The CIA, in the World Factbook have a list of the most used native languages:
note: percents are for "first language" speakers only See reference
Internet World Stats has also a list of the people able to speak each language, including second languages (is ordered by internet users thought)
The english numbers seem a bit high compared with other reports, but they claim to have accurate data. :? -- Bisho 15:33, 14 July 2005 (UTC)
Okay, despite all the talk, no one's fixed this article. I'm reverting to the last version to define language by speaker identification (keeping Akira's edits), since most people feel that intelligibility tests are unworkable. I'm the one who added the Chinese "dialects" in the first place, and I don't have any problem removing my own additions to this article.
By all means, please add the individual Chinese "dialects" back in if you like, but keep the main heading and make a note under it. I might do that myself. No need to go to a lot of work; the info is all in the page history from when I added it the first time. And put back Malay, Czechoslovak, and Serbocroatian back in if you like, as additional info - it's all there in the page history.
If our conception of language is to be cultural or self identification, then we shouldn't mix in intelligibility tests, unless it's added as additional information, and cross referenced. We need some sort of consistency in an encyclopedia article, not just whatever feels right for everyone's favorite language. kwami 22:40, 2005 July 14 (UTC)
I say group Chinese, Arabic (except Maltese and other separated Arabic languages) add a linguistics note in these cases, Group Swiss German to the rest of German. Split Malay/Indonesia, Hindu/Urdu, etc. - Pedro 23:37, 14 July 2005 (UTC)
Well, I have an idea....why not, we group each disputed language under its most commonly referred by name, eg. Chinese for the "chinese" languages and German for the languages spoken in germany, austria, most of switzerland and then provide a sub-division under which one can see the number of speakers per "dialect"/sub-language? That would make naviagation a breeze too! Kenkoo1987 12:37, 6 August 2005 (UTC)

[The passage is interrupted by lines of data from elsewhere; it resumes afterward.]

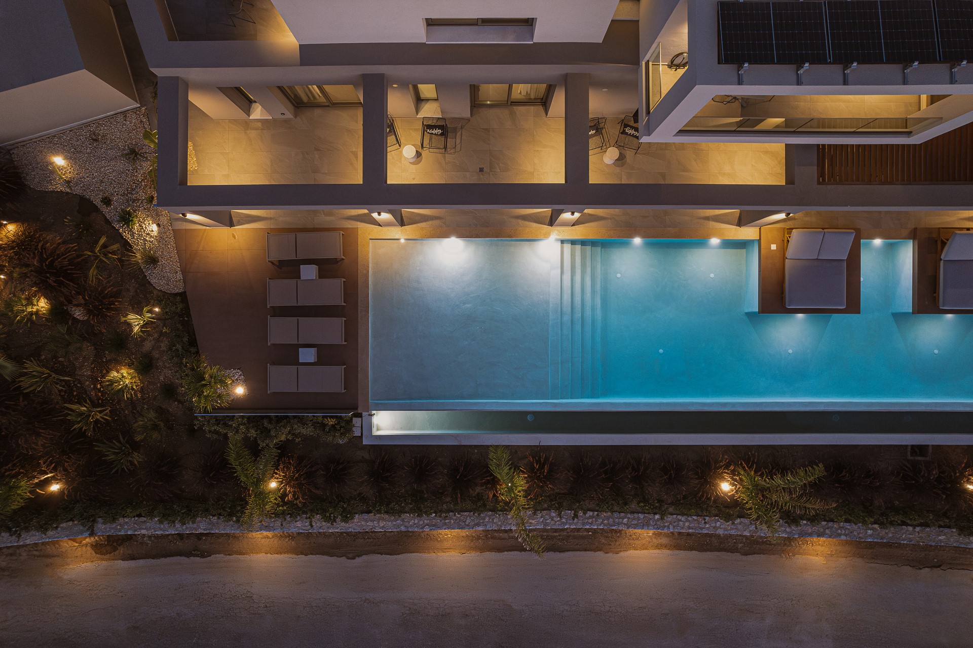 As the sun sets, the villa reveals its most captivating character. Warm evening light reflects gently across the infinity pool and the sea beyond, while subtle outdoor lighting enhances the architectural lines and creates a calm, inviting atmosphere. Evenings are defined by GLOWING SUNSETS, quiet conversations, and slow dinners by the pool, offering an ideal setting for relaxation, connection, and complete escape.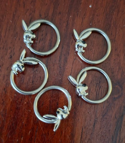 5 st ringar i titan med playboy bunny.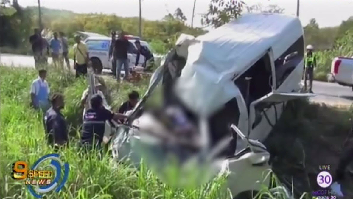 ชลบุรี 23 ม.ค.-เกิดอุบัติเหตุรถตู้โดยสารสายชลบุรี-จันทบุรี ยางระเบิดเสียหลักพุ่งตกร่องกลางถนน ก่อนชนตอไม้อย่างรุนแรง คนขับชีวิตทันที ส่วนผู้โดยสารชาวกัมพูชาที่จ้างเหมามา 13 คน บาดเจ็บเล็กน้อย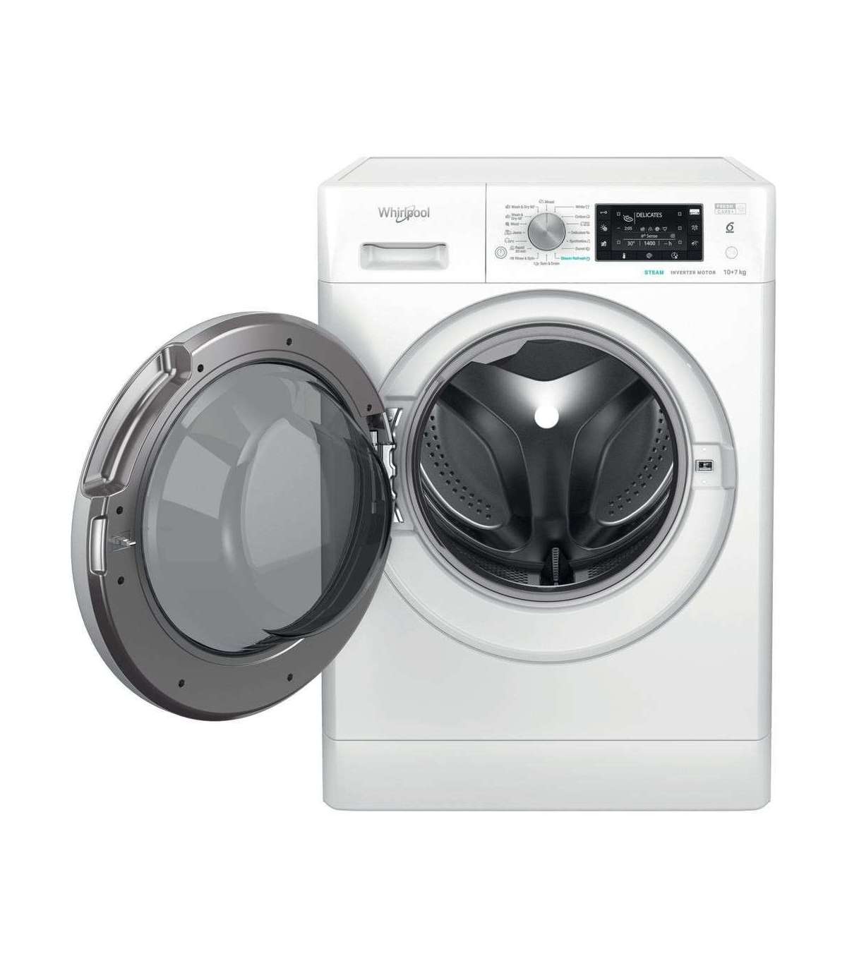 Washer-dryer with Whirlpool 6th Sense technology and a refreshing steam function!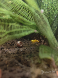 Evita di mescolare diverse colorazioni di Neocaridina davidi (es. rosse o blu) se desideri mantenere il colore giallo puro; gli incroci tendono a regredire verso la colorazione selvatica brunastra.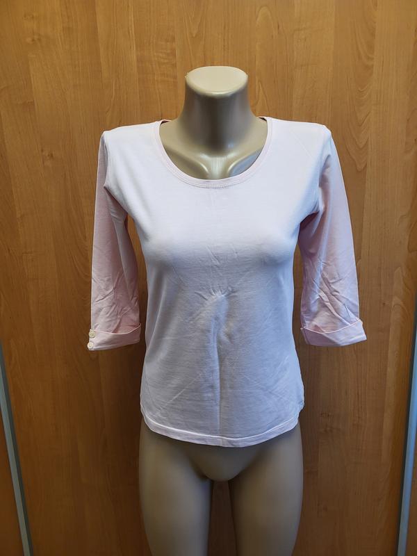 Футболка с удлиненным рукавом OLKO нежно-розового цвета Размер 38/М/46 Склад тканини: 90% бавовна, 10% еластан Замеры в спокойном состоянии: ПОГ- 41 см ПОТ- 38 см Рукав от проймы/ от плеча- 29/36 см Плечи- 34 см Длина по спинке- 55 см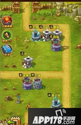 阵容搭配:抛石塔*3+唤雷塔*2+寒冰塔*2+弩弓塔*1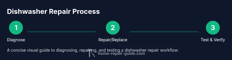A successful repair follows a repeatable workflow: diagnose, isolate, repair, reassemble, and test. Start by identifying the symptom and confirming that the problem is reproducible. Then isolate the faulty component by testing electrical connections and mechanical movement, while ensuring power and water are disconnected. Replace the failed part with a compatible unit, reseal joints, and reassemble the dishwasher. Finally, restore power, run a test cycle, and observe for leaks, proper drainage, and clean performance. This overview sets the stage for the detailed steps below, and helps you plan the session to avoid surprises.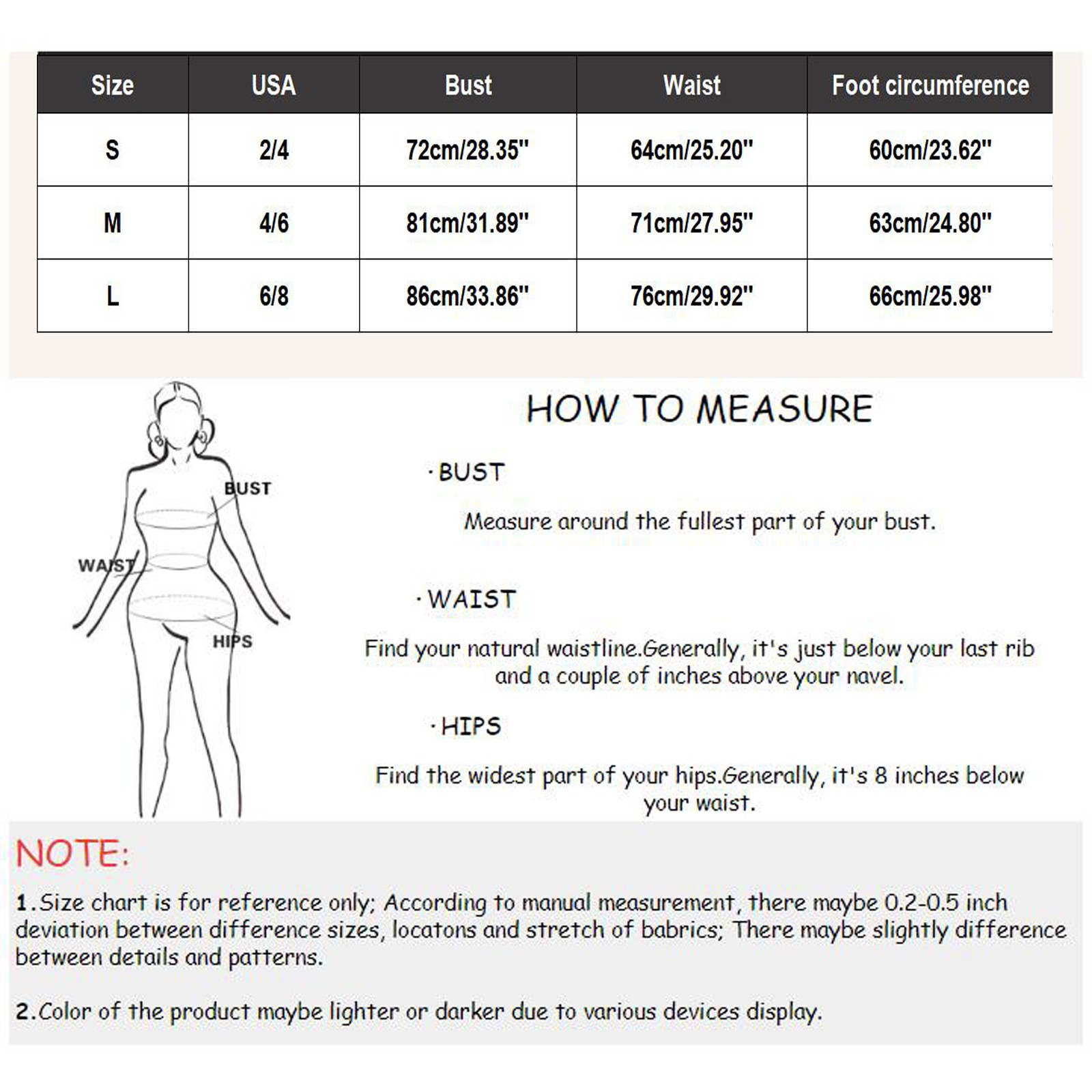 1. SИзеМожет быть погрешность 1-2 см/1 дюйм из-за ручного измерения.
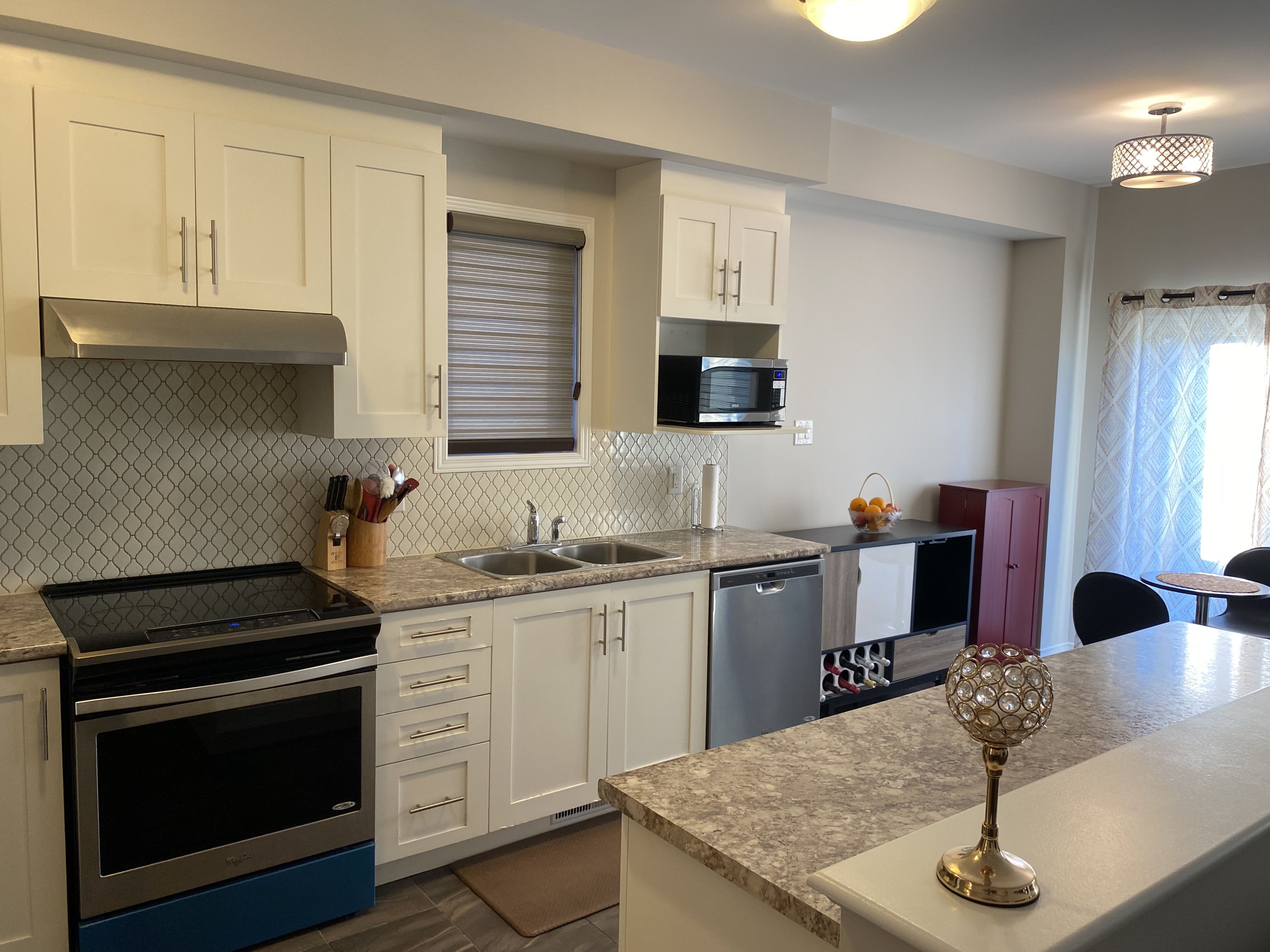 Welcome to this beautifully maintained end unit town that combines convenience, space, and style. Perfectly situated just steps from public transit and within close proximity to top-rated schools, this home offers the ideal setting for families and professionals alike. Spacious open-concept living and dining areas featuring hardwood floors are perfect for entertaining. Modern kitchen with ample cabinetry and prep space. Huge finished rec room area is ideal for a home gym, media room or play area. Convenient second floor laundry makes life just that much easier. Freshly painted and carpets cleaned... It's ready for a new owner! Generously sized bedrooms including a primary suite with ensuite bath. Neighbourhood shops just across the street create an urban feel, yet no back neighbours and a huge back yard provide a private atmosphere.

Turkish language has much more total speakers than it is written on this page. Azeri, Kyrgyz, Kazakh, Uzbek, Turkmen and other Turkic languages have only dialectic differences from Turkish. And they are called with Turkish like Azeri Turkish or Kyrgyz Turkish instead of Azeri or Kyrgyz. So, the total number of Turkish speakers is 165,61 million according to this page and in fact it is almost 250 million with the Turks living as minorities all around the world and living in autonomous Turk regions especially in Russian Federation and China.
The Ethnologue figure of 46.28M native speakers in Turkey is just the 1987 population times 85%, based on a guess that 15% of the population is Kurdish. Actually, that figure is now generally considered an underestimate, and the Kurdish population could be as high be 25-30%. However, the Kurdish article and most of the estimates I've seen place it at approximately 20%. Given Turkey's current population has increased dramatically to 69.66M, that would be 56 million native speakers today. The population of Bulgaria has descreased dramatically to 7.45M; at 9.4% ethnic Turk (mostly Turkish speaking), that's a further 700k. Greece: emmigration offsets population growth, so perhaps still ~130k. Cyprus: N. Cyprus population is now 210k. Macedonia: 1982 figure 200k; don't know about now. Uzbekistan: Population increased dramatically from 1979. At current growth rates, calculating back from 1993 (from the demographics chart for Uzbekistan), the 1979 population was ~17.2M. Assuming the same percentage today, that gives ~300k Osmanli speakers. Germany: 2.1M. Netherlands: 200k. France: 140k. All other countries are I believe < 100k, though Moldova has 140k Gagauz speakers. Total: 60.0 million, plus Gagauz. In any case, our major uncertainty is the %age in Turkey: if the Kurds are just a bit more numerous in Turkey, that would offset Turkish-speaking immigrants in the rest of the world. We could maybe guess it's 61 million? I'm putting in 60M native, and assuming 2nd speakers are basically the 14M Kurdish population, ~75M total. kwami 05:39, 29 September 2005 (UTC)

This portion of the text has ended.